▶ _About this exercise_
Set down, please, exactly the lines below that run from the line with "See allCelebrate St." to the line with "Pago del impuesto", both lines included.

▶ _Data section_
════

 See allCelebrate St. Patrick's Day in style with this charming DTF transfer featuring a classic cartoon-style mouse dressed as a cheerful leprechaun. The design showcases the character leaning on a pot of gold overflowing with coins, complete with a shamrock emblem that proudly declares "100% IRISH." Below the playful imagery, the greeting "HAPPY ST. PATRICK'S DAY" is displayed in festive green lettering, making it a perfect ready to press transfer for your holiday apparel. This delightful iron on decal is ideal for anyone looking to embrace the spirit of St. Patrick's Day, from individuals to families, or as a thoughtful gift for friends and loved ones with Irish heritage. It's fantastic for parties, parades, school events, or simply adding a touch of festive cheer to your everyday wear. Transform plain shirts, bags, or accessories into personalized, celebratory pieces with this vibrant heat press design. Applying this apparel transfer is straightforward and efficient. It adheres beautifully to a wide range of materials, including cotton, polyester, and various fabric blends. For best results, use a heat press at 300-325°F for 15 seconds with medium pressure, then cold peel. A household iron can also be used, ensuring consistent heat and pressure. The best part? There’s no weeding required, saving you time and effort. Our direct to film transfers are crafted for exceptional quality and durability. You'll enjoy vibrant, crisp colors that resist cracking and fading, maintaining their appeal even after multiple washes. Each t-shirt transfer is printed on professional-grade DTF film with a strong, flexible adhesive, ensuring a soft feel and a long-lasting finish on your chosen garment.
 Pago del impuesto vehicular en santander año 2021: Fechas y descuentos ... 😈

════

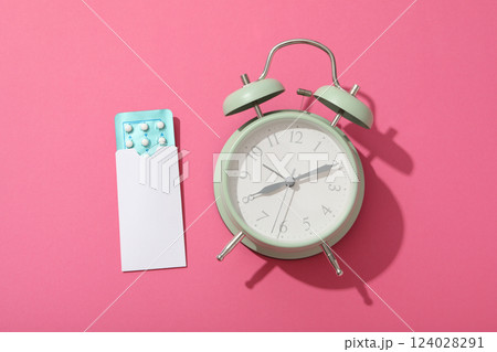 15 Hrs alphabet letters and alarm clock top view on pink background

════

▶ _Completed task_
 See allCelebrate St. Patrick's Day in style with this charming DTF transfer featuring a classic cartoon-style mouse dressed as a cheerful leprechaun. The design showcases the character leaning on a pot of gold overflowing with coins, complete with a shamrock emblem that proudly declares "100% IRISH." Below the playful imagery, the greeting "HAPPY ST. PATRICK'S DAY" is displayed in festive green lettering, making it a perfect ready to press transfer for your holiday apparel. This delightful iron on decal is ideal for anyone looking to embrace the spirit of St. Patrick's Day, from individuals to families, or as a thoughtful gift for friends and loved ones with Irish heritage. It's fantastic for parties, parades, school events, or simply adding a touch of festive cheer to your everyday wear. Transform plain shirts, bags, or accessories into personalized, celebratory pieces with this vibrant heat press design. Applying this apparel transfer is straightforward and efficient. It adheres beautifully to a wide range of materials, including cotton, polyester, and various fabric blends. For best results, use a heat press at 300-325°F for 15 seconds with medium pressure, then cold peel. A household iron can also be used, ensuring consistent heat and pressure. The best part? There’s no weeding required, saving you time and effort. Our direct to film transfers are crafted for exceptional quality and durability. You'll enjoy vibrant, crisp colors that resist cracking and fading, maintaining their appeal even after multiple washes. Each t-shirt transfer is printed on professional-grade DTF film with a strong, flexible adhesive, ensuring a soft feel and a long-lasting finish on your chosen garment.
 Pago del impuesto vehicular en santander año 2021: Fechas y descuentos ... 😈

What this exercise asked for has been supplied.